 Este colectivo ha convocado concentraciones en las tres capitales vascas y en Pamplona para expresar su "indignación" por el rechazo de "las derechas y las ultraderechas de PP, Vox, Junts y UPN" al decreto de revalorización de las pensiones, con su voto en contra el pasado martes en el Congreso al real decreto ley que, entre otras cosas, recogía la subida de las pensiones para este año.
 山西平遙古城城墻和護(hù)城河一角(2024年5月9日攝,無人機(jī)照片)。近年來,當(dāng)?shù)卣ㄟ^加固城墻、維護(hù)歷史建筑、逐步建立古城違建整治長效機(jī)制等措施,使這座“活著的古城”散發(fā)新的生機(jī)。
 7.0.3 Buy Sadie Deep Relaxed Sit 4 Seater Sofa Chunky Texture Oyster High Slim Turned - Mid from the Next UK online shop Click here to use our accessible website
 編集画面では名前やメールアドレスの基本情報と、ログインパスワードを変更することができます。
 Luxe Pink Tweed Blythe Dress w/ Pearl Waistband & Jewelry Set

● ● ● ● ● ● ●

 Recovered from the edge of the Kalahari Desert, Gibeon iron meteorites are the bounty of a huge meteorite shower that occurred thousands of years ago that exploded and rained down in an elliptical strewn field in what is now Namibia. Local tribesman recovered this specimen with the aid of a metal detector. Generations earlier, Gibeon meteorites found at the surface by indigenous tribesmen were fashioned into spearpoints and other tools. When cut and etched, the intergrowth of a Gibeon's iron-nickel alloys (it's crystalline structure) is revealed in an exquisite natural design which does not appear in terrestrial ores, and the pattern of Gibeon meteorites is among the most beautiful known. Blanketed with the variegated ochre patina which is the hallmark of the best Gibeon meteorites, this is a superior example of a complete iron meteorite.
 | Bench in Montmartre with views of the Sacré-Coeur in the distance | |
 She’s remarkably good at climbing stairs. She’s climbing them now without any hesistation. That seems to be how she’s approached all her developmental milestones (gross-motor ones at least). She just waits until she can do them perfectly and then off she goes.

● ● ● ● ● ● ●

> **PROMPT**:
Output should match, line for line, the stretch of the material above from the line holding "編集画面では名前やメールアド" through the line holding "Luxe Pink Tweed".

> **WRITTEN SOLUTION**:
 編集画面では名前やメールアドレスの基本情報と、ログインパスワードを変更することができます。
 Luxe Pink Tweed Blythe Dress w/ Pearl Waistband & Jewelry Set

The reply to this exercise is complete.